Studies of patient groups can reveal an upper bound on the risks of a genetic variant, Wright said, while population-level studies can provide a lower bound. The challenge is helping patients understand what this range means for their own personal risk — a question that researchers are trying to answer.

As genetic screening becomes more ubiquitous, understanding the meaning of individual variants is increasingly important. Parents doing IVF and screening embryos for health conditions, for example, might make very different decisions about which embryos to implant if they are told the risk of genetic disease from a particular variant is 100% versus 20%. Likewise, people getting genetic counseling need to understand if their risk of disease is truly as high as studies on patient populations would suggest, or if they have protective factors that bring their risk down.

The findings may also help refine gene therapy treatments that target specific disease-causing genes. Because these genes do cause the disease in some people, these gene therapies will continue to be important, Pierce said. But understanding the rest of the genetic milieu could help boost the effectiveness of such therapies.

"We might be able to predict more accurately who will respond best to genetic therapies," Pierce said. "We might also identify novel targets for therapies following the identification of the additional genetic factors that influence disease expression."

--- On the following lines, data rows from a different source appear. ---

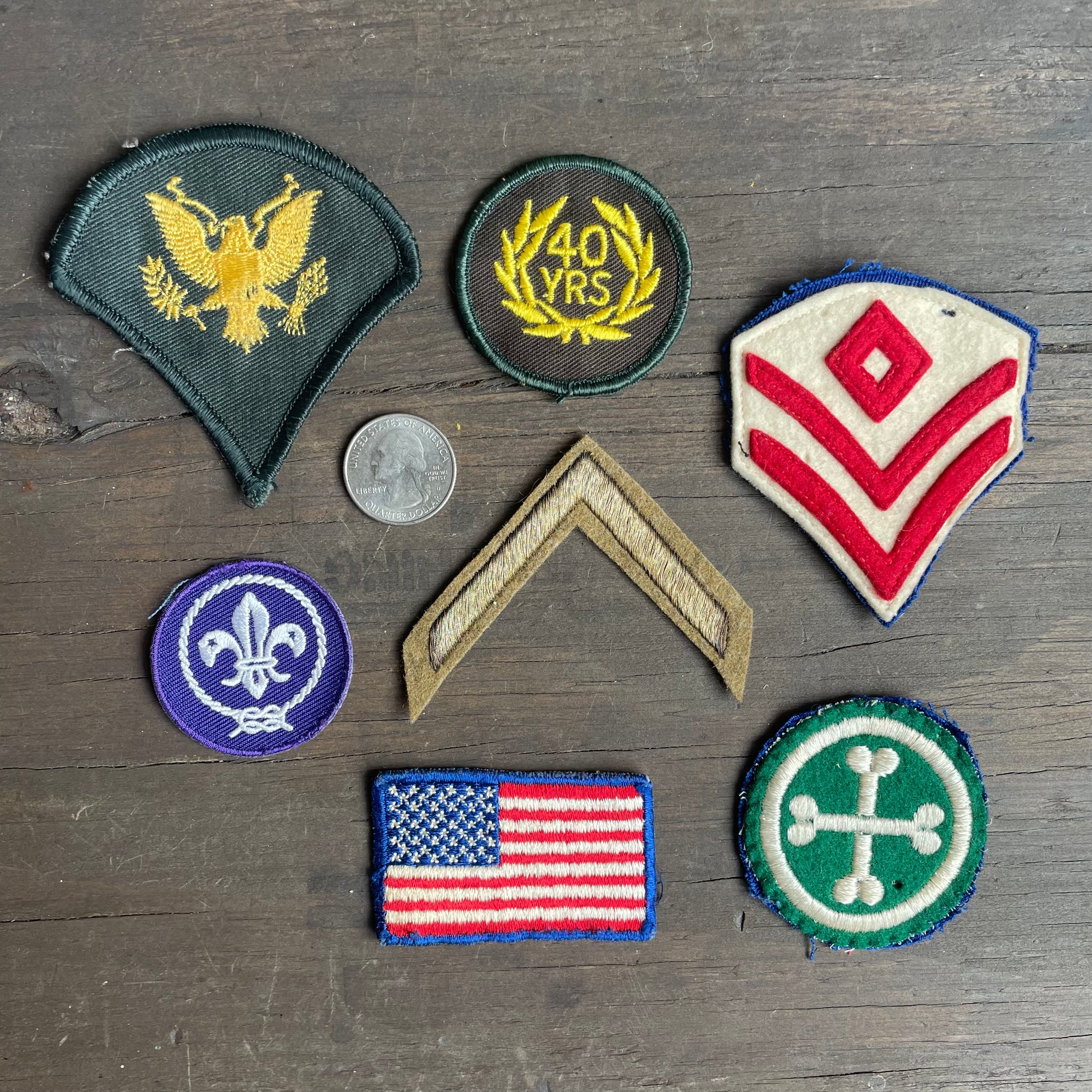 Various vintage patches: US Army SP4, Veterans of Foreign Wars 40 years, Purple World Scout, Army Chevron, Marine Corps (white and red), American Flag, Green Crossed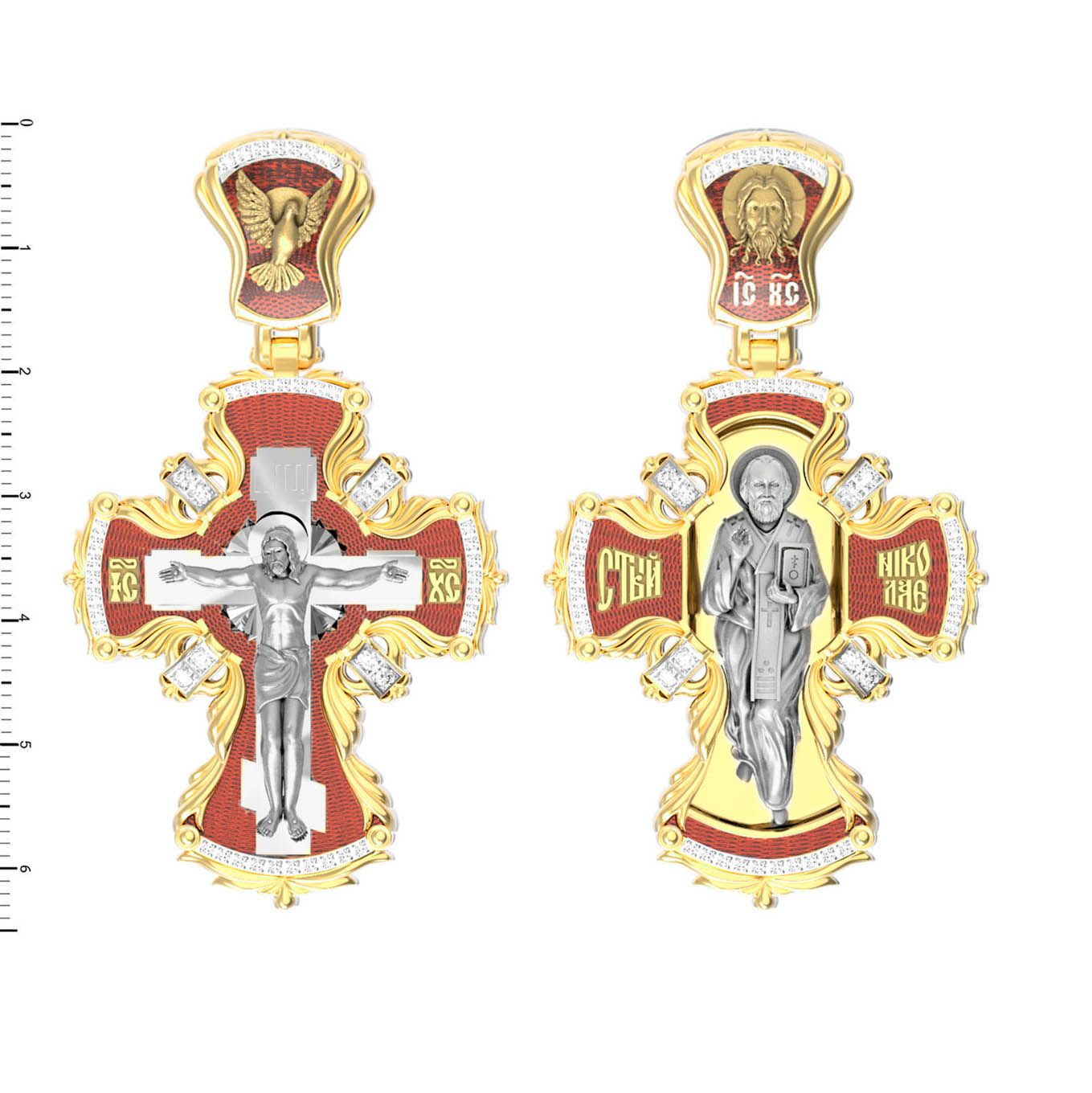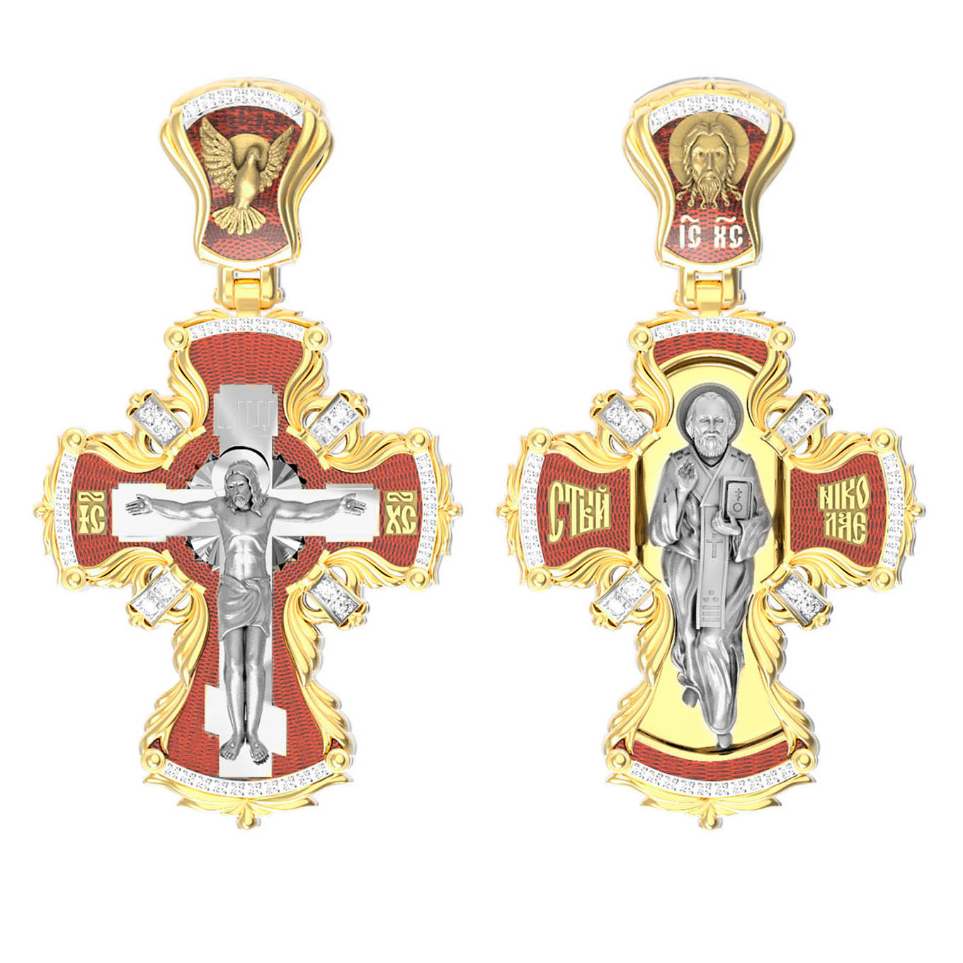 Оборотную сторону креста возглавляет икона святителя Николая Чудотворца, самого почитаемого святого не только в России, но и во всем мире. Николай Чудотворец, помощник в делах, защитник путешествующих, покровитель учащихся, утешитель обиженных и нуждающихся, целитель самых страшных и тяжелых недугов, предстатель и молитвенник за людей перед Богом. На кулонном кольце помещено изображение Спаса Нерукотворного — образ Спасителя, который Он запечатлел на плате и передал для исцеления больному проказой царю Эдессы.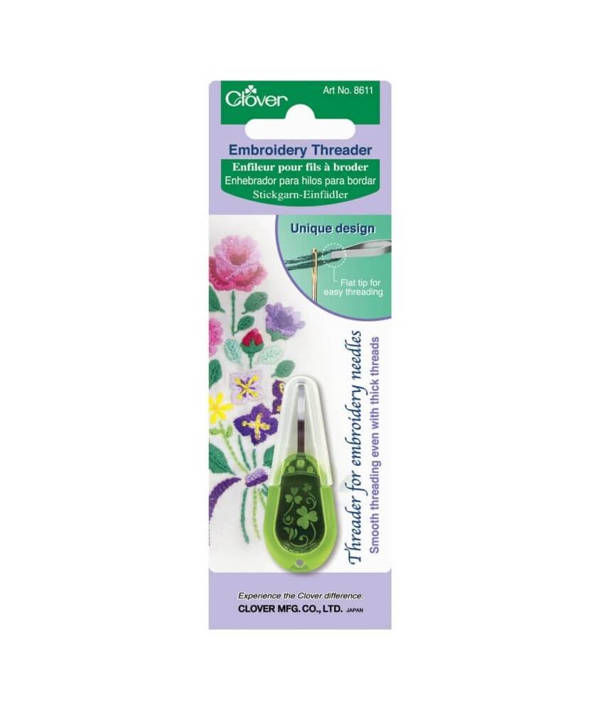 L enfileur pour fils a broder Clover CL8612 est l accessoire indispensable pour toutes les brodeuses qui souhaitent gagner du temps et faciliter leur travail. Sa pointe plate specialement concue permet d enfiler meme les fils moulines les plus epais et les fils perles sans effort. Le corps en resine violet est agreable a tenir et facile a reperer dans une boite a couture. Un classique des accessoires Clover, reconnu dans le monde entier pour sa qualite et son efficacite.

Rossin and Pierce are now working on large global collaborations to learn more about what modifies the genetic risk in retinal disorders. Other researchers are looking to do the same for disorders such as ovarian insufficiency.

Right now, there are limited treatment options for many of the conditions under study. That means that there may be few options for prevention or early treatment, even if the genes fueling the conditions are better understood.

But as more new treatment options emerge, it will be increasingly important to understand the nuances of risk for individual patients, Hayden said. Understanding that risk could help patients make decisions about preventative treatment.

"When therapies are available for those diseases, early treatment—and particularly early treatment for degenerative disease of the brain and the eye—is better than later, because you can't replace neurons," Hayden said. "So you'll want to know your risk."